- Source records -
____________

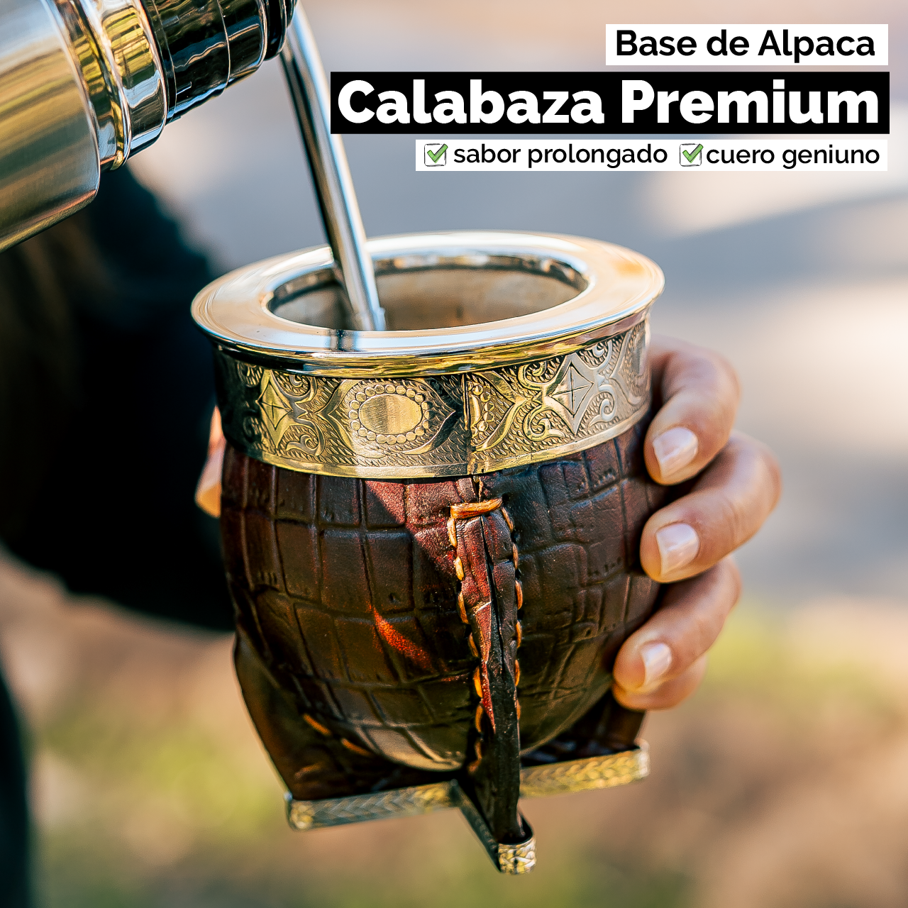 🧉 Mate Imperial de Calabaza, con fleje/guarda y virola lisa, íntegramente en alpaca, forrados en cuero labrado con motivo "piel de yacare" de primera calidad.
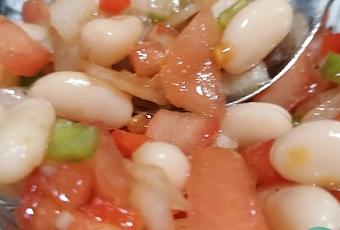 Ensalada de Alubias blancas 🫘, frescura, color y sabor en cada bocado.Ideal para esos días de calor.Y si lo complementas con un huevo cocido🥚o atún en conserva al natural, te quedará un plato top.
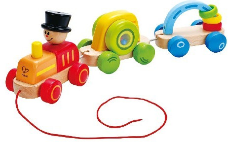 Очаровательный поезд на веревочке будет радовать малыша, и поднимать настроение.
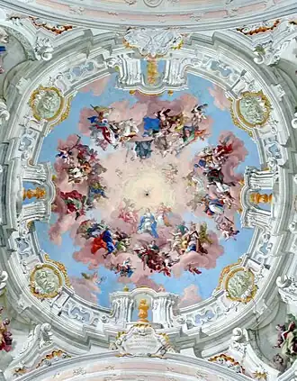 Působivě zařízený rokokový interiér ovládají především fresky na klenbách: Korunování Panny Marie mezi evangelisty, církevními otci a světci, které maloval Bartolomeo Altomonte. Obraz Nanebevzetí Panny Marie na hlavním oltáři namaloval opět Altomonmte, stejně jako oltářní obraz sv. Jana Nepomuckého. Šest bočních oltářů je zasvěceno zmíněnému Janu Nepomukovi, sv. Josefovi, svaté Cecílii, Andělovi-strážci, Ukřižování Krista a Dětství Krista a Jana Křtitele. Sochařskou výzdobu a štukatury vytvořil Johann Georg Üblhör, řezbářskou výzdobu oltářů, kazatelny a prospekt varhan dodal Joseph Deutschmann. Pasovský kníže-biskup Leopold Ernst von Firmian vysvětil kostel 21. října 1764.
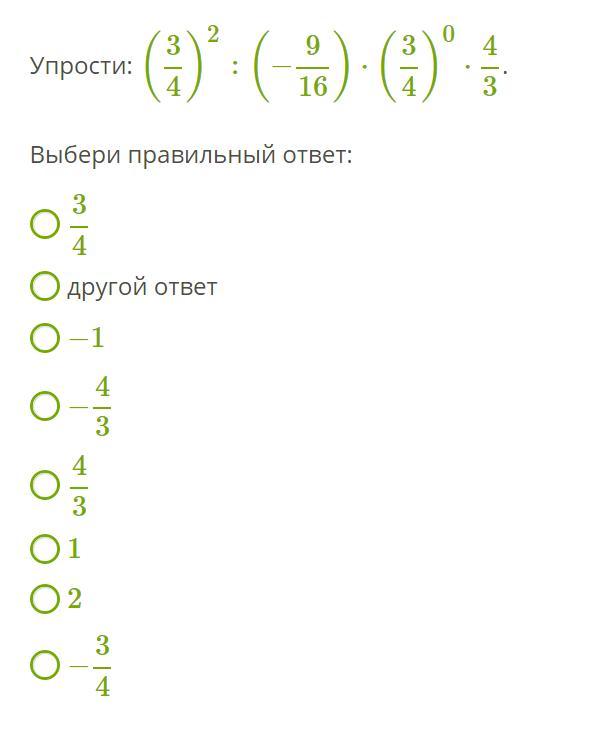 Упрости: (34)2:(−916)⋅(34)0⋅43.
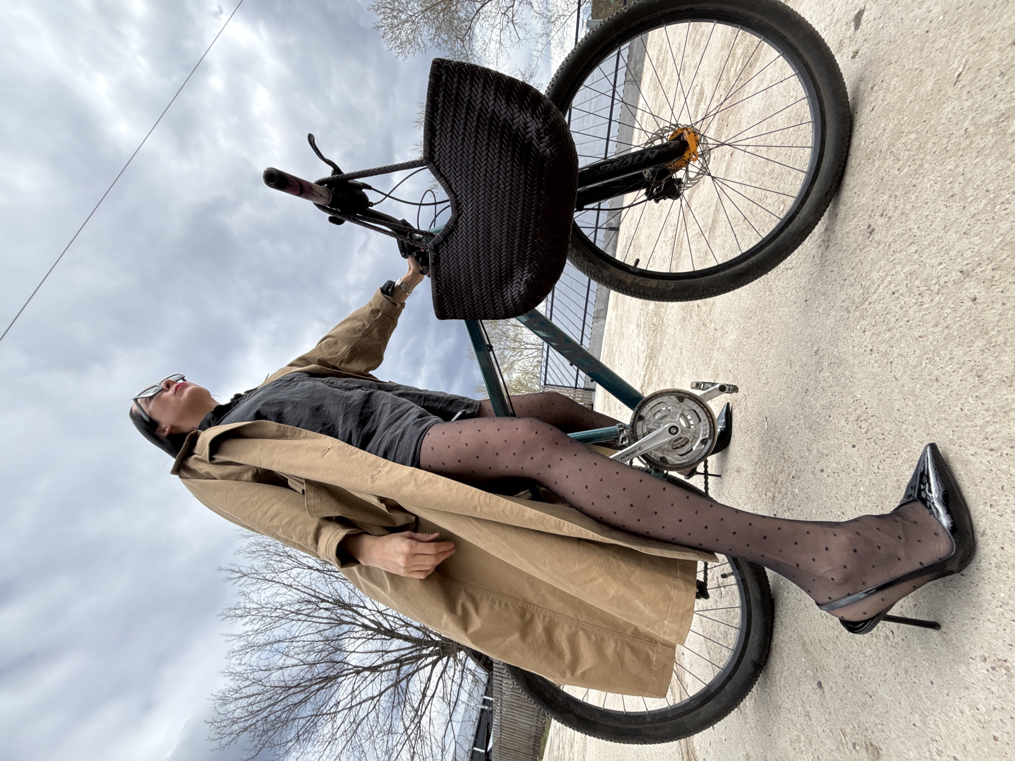 woman in Chaikovsky, Russia, posing with a bicycle. She is wearing a black dress, black polka-dot tights, and black high heels. She also has on a tan trench coat and eyeglasses. The bicycle has a black basket attached to the handlebars. The background shows an overcast sky and a few trees. The ground appears to be a concrete surface.
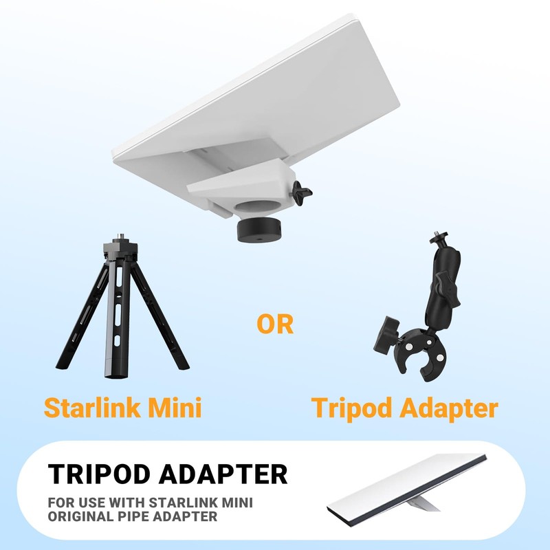 - Wide Compatibility: Equipped with a 1/4-20 threaded hole + 3/8-16 conversion screw (included), this adapter seamlessly connects to tripods, clamps, or RV rail mounts for Starlink Mini, transforming it into a versatile solution for rooftops, vehicles, tents, and more.
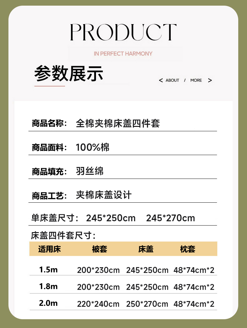 标准四件套(被套2.0✖2.3,床盖245✖250) | ¥155.00 |

____________

- DIRECTIONS FOR THIS TASK -
Output all of the data above exactly; no pictures should appear.

- ANSWER TO THIS PROBLEM -
 🧉 Mate Imperial de Calabaza, con fleje/guarda y virola lisa, íntegramente en alpaca, forrados en cuero labrado con motivo "piel de yacare" de primera calidad.
 Ensalada de Alubias blancas 🫘, frescura, color y sabor en cada bocado.Ideal para esos días de calor.Y si lo complementas con un huevo cocido🥚o atún en conserva al natural, te quedará un plato top.
 Очаровательный поезд на веревочке будет радовать малыша, и поднимать настроение.
 Působivě zařízený rokokový interiér ovládají především fresky na klenbách: Korunování Panny Marie mezi evangelisty, církevními otci a světci, které maloval Bartolomeo Altomonte. Obraz Nanebevzetí Panny Marie na hlavním oltáři namaloval opět Altomonmte, stejně jako oltářní obraz sv. Jana Nepomuckého. Šest bočních oltářů je zasvěceno zmíněnému Janu Nepomukovi, sv. Josefovi, svaté Cecílii, Andělovi-strážci, Ukřižování Krista a Dětství Krista a Jana Křtitele. Sochařskou výzdobu a štukatury vytvořil Johann Georg Üblhör, řezbářskou výzdobu oltářů, kazatelny a prospekt varhan dodal Joseph Deutschmann. Pasovský kníže-biskup Leopold Ernst von Firmian vysvětil kostel 21. října 1764.
 Упрости: (34)2:(−916)⋅(34)0⋅43.
 woman in Chaikovsky, Russia, posing with a bicycle. She is wearing a black dress, black polka-dot tights, and black high heels. She also has on a tan trench coat and eyeglasses. The bicycle has a black basket attached to the handlebars. The background shows an overcast sky and a few trees. The ground appears to be a concrete surface.
 - Wide Compatibility: Equipped with a 1/4-20 threaded hole + 3/8-16 conversion screw (included), this adapter seamlessly connects to tripods, clamps, or RV rail mounts for Starlink Mini, transforming it into a versatile solution for rooftops, vehicles, tents, and more.
 标准四件套(被套2.0✖2.3,床盖245✖250) | ¥155.00 |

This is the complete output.